Antoine d’Agata à la galerie des Filles du calvaire
On a beaucoup dit de d’Agata qu’il se défonçait, se piquait. Comme si le fait que le photographe mette sa vie en scène et entre les mains du public autorisait une forme de familiarité. On sait en effet qu’il est le plus souvent sinon toujours le sujet, l’objet de ses images. Qu’il rend visite à des prostituées, qu’il se heurte à des tabous. Soit. Mais d’Agata est plus qu’un homme blessé qui sombre et dérape. Certes, il voit double et son réel se dérobe mais son travail est d’une précision toute clairvoyante. Ses bougés dont on parle tant, ses flous sont d’une netteté alarmante. D’Agata conçoit ses images comme des outils documentaires, et si les clichés tremblent, le propos lui est clair.
La maladie et la mort sont partout, alors il faut les envelopper avec un voile d’abstraction, leur donner une grâce supportable. Nimber, auréoler. On pense bien sûr à Bacon et à ses corps déformés, consommés par eux-mêmes. D’Agata gomme de cette façon la morphologie humaine pour arrondir les angles, les coudes, les genous khagneux.
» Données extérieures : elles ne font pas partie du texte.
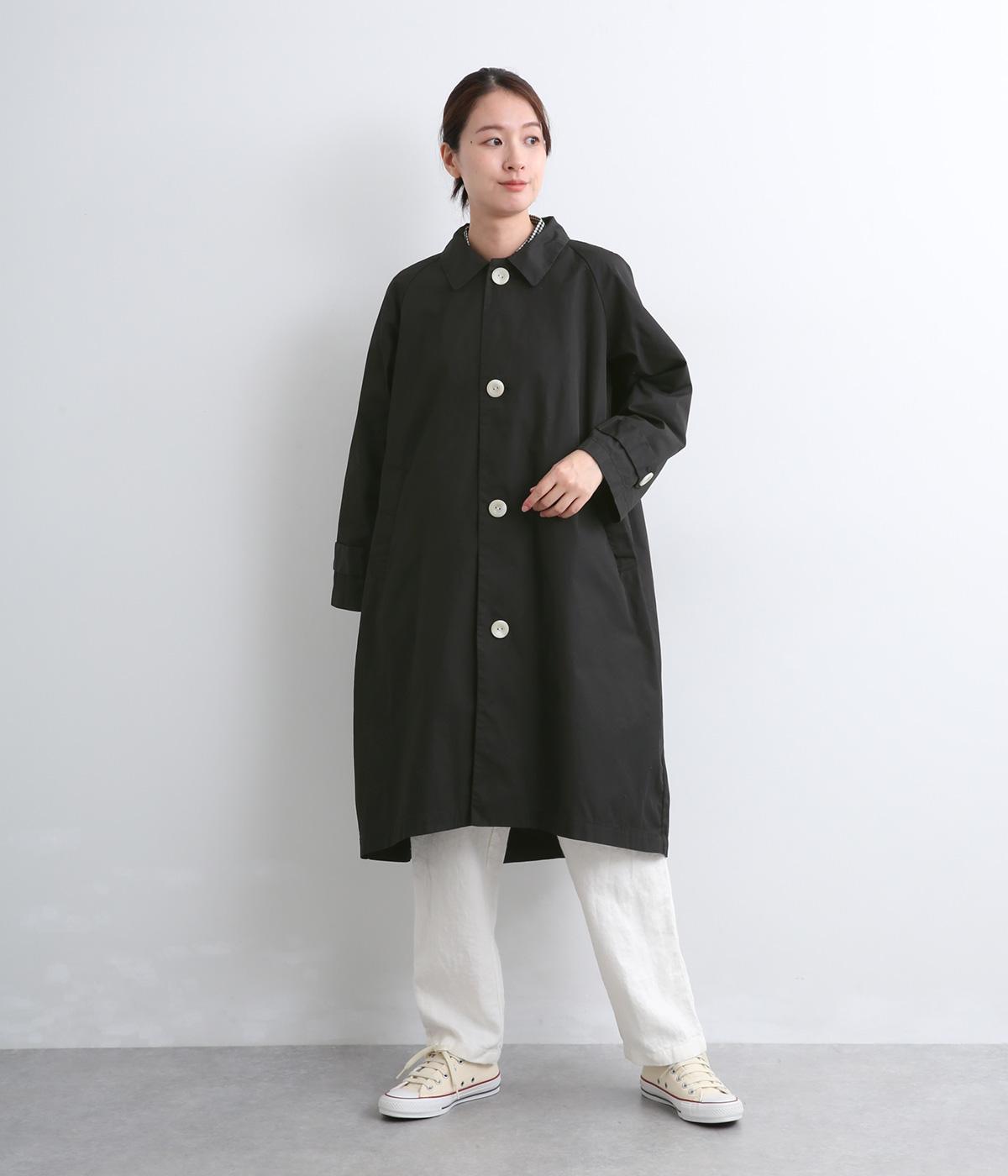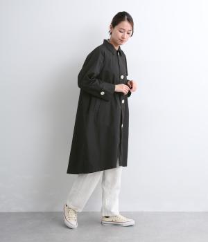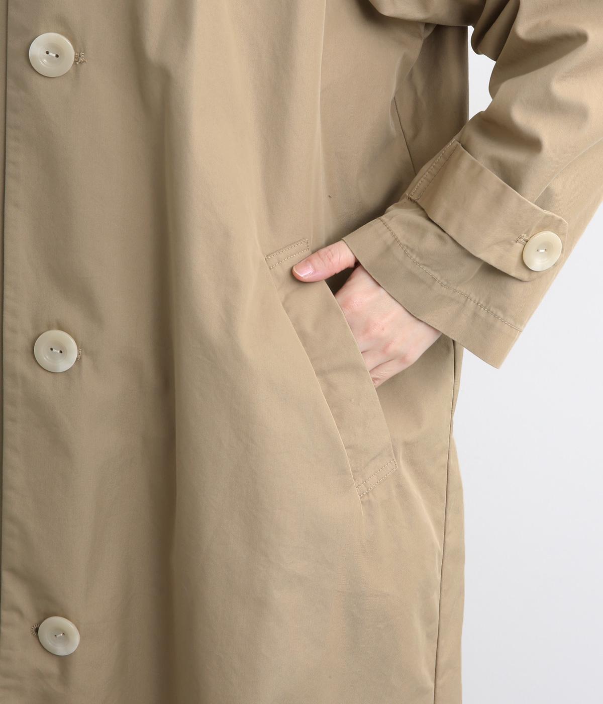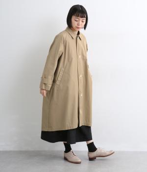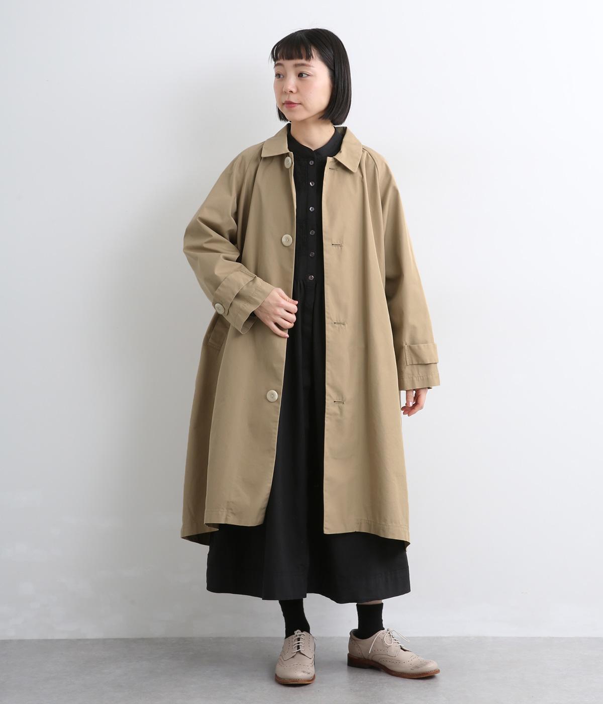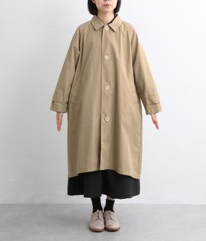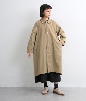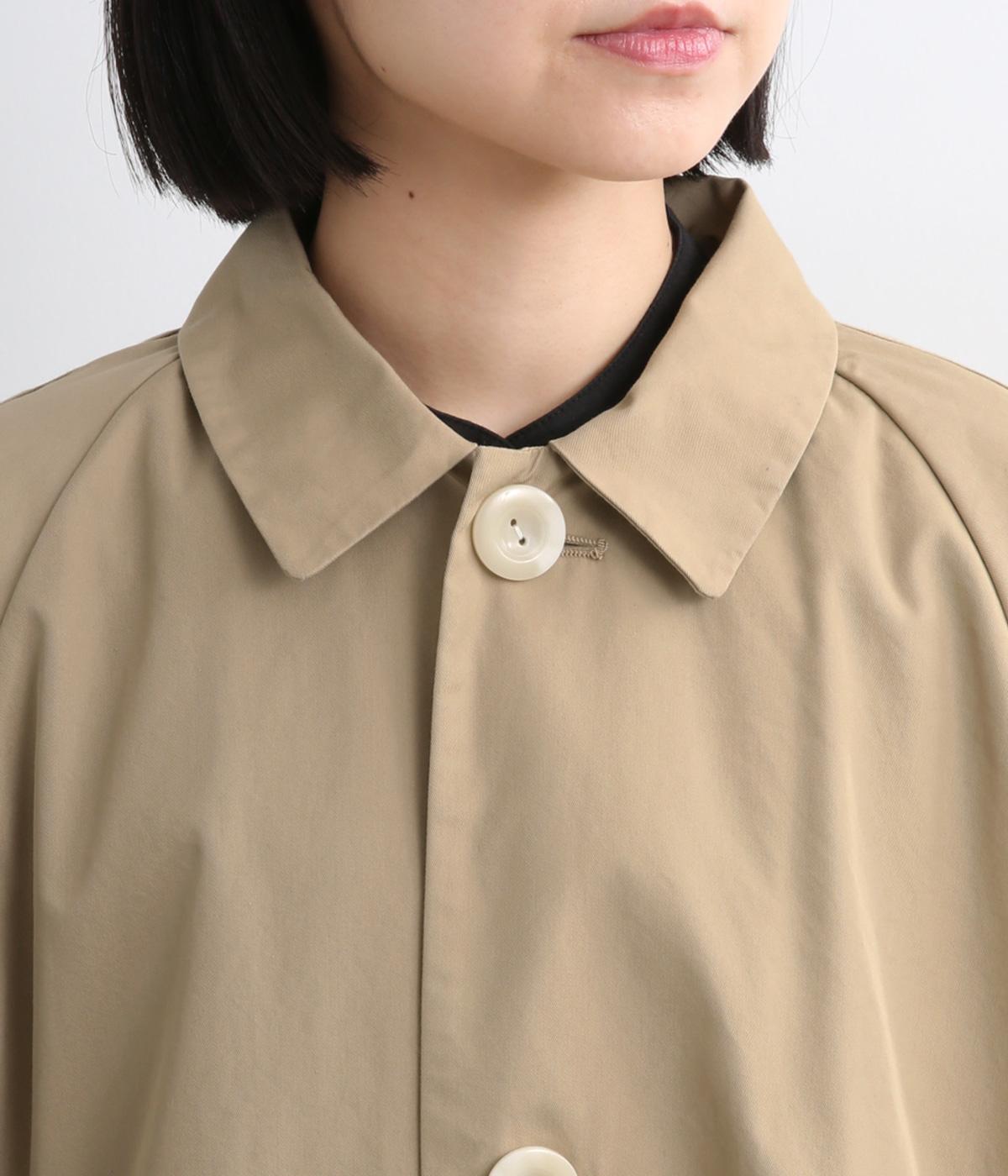 オーソドックスでマニッシュな印象のステンカラーコートにビッグボタンでカジュアルな遊び心を加えました。肩のラインをなだらかに見せるラグラン袖が、かっちり決めすぎずこなれた抜け感に。中に着込みやすいよう後ろタックでゆったりと。
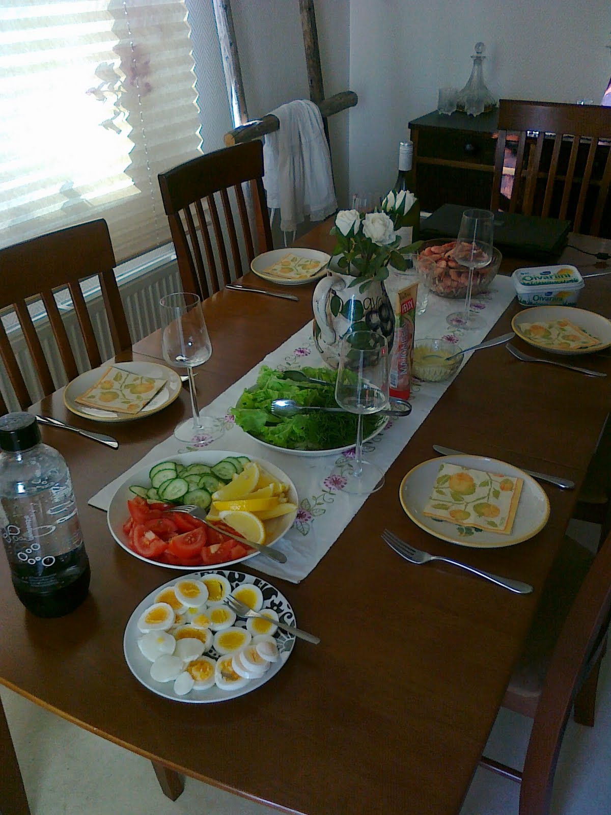 Efter maten stressade vi iväg i bastun, bastade och simmade på rekordtid, fixade oss, packade ihop och begav oss mot festligheterna på norrsidan. Ett nästan färdigt dukat kräftkalas väntade oss. Alla var fina och på gott humör, några hade drabbats av den stora höstförkylningen medan andra (de yngsta) ivrigt väntade på att klockan skulle slå 18.00 (smällare ni vet...). Vi satte oss till bords och åt allt från björnkött till scampi till grillad tonfisk till pastasallad till svamppaj... det fanns som ingen hejd på läckerheterna, en del mer välsmakande än de andra. Vi hade i alla fall hemskt trevligt tillsammans. Lagom till frågesporten utökades festen med två personer. Men, ju fler vi blir desto roligare är det, är en princip som vi gillar på Högören.

Noia , la série exposée ici, dénude comme d’habitude les corps. Certains sont pulpeux, d’autres malingres. La chair est désirable autant qu’effrayante. Certains visages, alors même qu’ils sont photographiés vivants ont l’apparence d’une tête de mort sur laquelle on devine les cavités et orifices d’un crâne de squelette. Comment mieux faire s’embrasser vie et mort ? L’effroi guette et poursuit son action d’épouvante longtemps. Mais la danse qui tient de la transe de cette jeune femme nue (série de 9 clichés dans la dernière salle, Géorgie, 2009) réconcilie avec le désir et la pulsion de vie. D’Agata dit être « de plus en plus seul dans son entreprise de reconstruction ». On le prie de continuer plutôt à déconstruire, c’est là où tout son génie éclate. Là aussi que la beauté, aussi destructurée qu’elle soit, foudroie du regard.